ミィエル視点→カイル視点→マスターシーンです

「はい、任務完了です。こちらが報酬となりますので、お受け取りください」



 あれから現れた『蛮族』であるゴブリンを掃討した後、採取任務も終えたミィエル達は、冒険者ギルドに戻って来て無事報告することになりました。

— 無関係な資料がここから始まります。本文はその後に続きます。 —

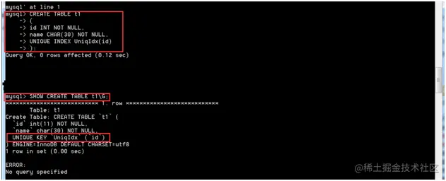 解释:对id字段使用了索引,并且索引名字为UniqIdx。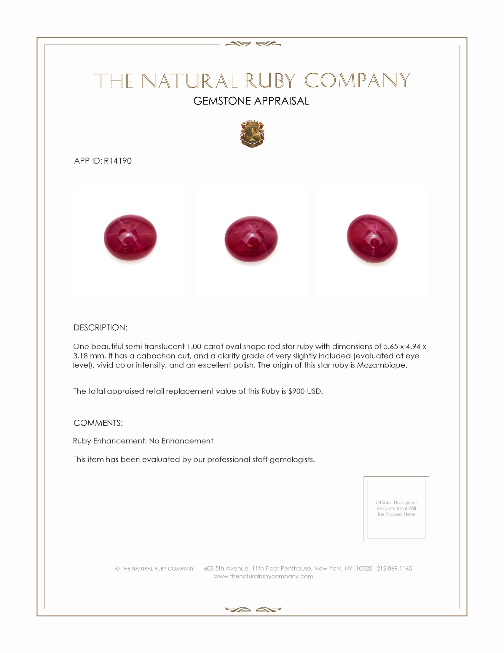 Discover the mesmerizing beauty of our exquisite red star ruby, a gem that holds the promise of bringing your search for the perfect stone to a delightful conclusion. With its breathtaking semi-translucent quality, this 1.00 carat oval-shaped marvel is more than just a gemstone; it is an extraordinary piece from the heart of Mozambique. Designed to captivate, this gem is expertly crafted with a cabochon cut, which helps to showcase its unique characteristics. It's an opportunity to own something truly remarkable, sourced for its excellence in quality and splendor. The Natural Ruby Company is proud to offer this masterpiece to those who seek brilliance matched with authenticity.

 いくら〈毒無効〉だからと言って薬草採取の時に。毒を持つ野草を構わず口に入れて味を確かめるセっちゃんには驚きましたけど。それよりも、



「ラナ~ちゃ~ん。ちょっと~いいですか~?」


「どうしましたミィエルちゃん? ディナーのお誘いですか? 勿論喜んでお受けいたします」



 一瞬だけ時間が合うなら夕飯に誘っても良いかとも思いましたが、間違いなく面倒ごと――それもアーリア(マスタ~)が好まない――になるのでその考えは捨てて「違い~ます~」と答える。すると少し残念そうに肩を落としたラナーは、「ゴブリンの事ですね」と望んだ受け答えを促してくれる。



「はい~。薬草が~採取できる~近郊で~、遭遇しました~」


「数は3体以上はおりませんでしたか?」


「はい~。斥候(せっこ~)では~ないと~、思います~。はぐれ~の可能性(かのうせ~)~――いえ~、迷宮(ダンジョン)が~原因かも~です~」


「迷宮の間引きは問題なく行えているはずですが……」


「そ~ですね~。それに~、近郊(きんこ~)には~魔物の氾濫(スタンピ~ド)を~起こせるよ~な~、迷宮は~ないですよね~」



 魔物の氾濫(スタンピード)とは、迷宮が生み出す魔物を間引くことなく、許容値を超えた場合に発生する迷宮外へと氾濫する災害です。普段の迷宮からは考えられない程、大量の魔物が暴走列車の如く周辺を荒らしまわる様は、恐怖以外のなにものでもない光景となります。

 それを防ぐために、国や冒険者ギルドは迷宮の状態を随時監視し、氾濫など起こらないよう気を配っているはずなのです。現に、



「はい、その通りです。現にD級以上の迷宮は2日前に冒険者が踏破されておりますし、試験用の迷宮だって先日ギルド職員が状態を確認しに行っているのですから」


「ですよね~」



 ザード・ロゥの冒険者ギルドでも同様に管理がされているのです。

 だとしたらやっぱり“はぐれ”が偶々いたんでしょうか? もしくは前回の一件で残党処理をしきれずに、どこかで巣を作って言う可能性の方が高いかもですね。



「ラナ~ちゃん」


「わかっております。夜に動ける冒険者もいますし、本日の内に調査任務を発行しておきますのでご安心を。遅くとも明日一番で周辺調査をしていただきますので」


「えへへ~。さっすが~ラナ~ちゃ~ん。では~、任せ~ましたよ~」


「なんでしたら“瑠璃の庭園”が受諾していただいてもよろしいのですが?」


「ん~、それは~、私が決める~ことじゃ~ないですよ~」



 今のリーダーはリルですからね。ミィエルが口を出すものではないのです。



「それもそうでした。では明日お手すきであれば、改めてお願いしようと思います」



 ラナーちゃんに頷き返し、セっちゃん達の下へ向かえば、丁度報酬を分けているところでした。



「報酬は均等割りでいいわよね?」


「あぁ」


「はい、ありがとうございます」


「初任務~、初報酬~おめでと~ですよ~」



 3人の初成功を祝いつつ、初報酬は何に使うのかを訪ねてみれば、



「生活費よね」


「消耗ヒン代ダナ」


「リルも~、ウルコットも~、現実~的~すぎますよ~」



 なんの面白みもない回答にミィエルは肩を落とします。まぁでも生活するためにお金を稼ぐわけですし、間違ってはいないのですが。特にこの2人はカイルくんにお金を支払うというのも目的なわけですし。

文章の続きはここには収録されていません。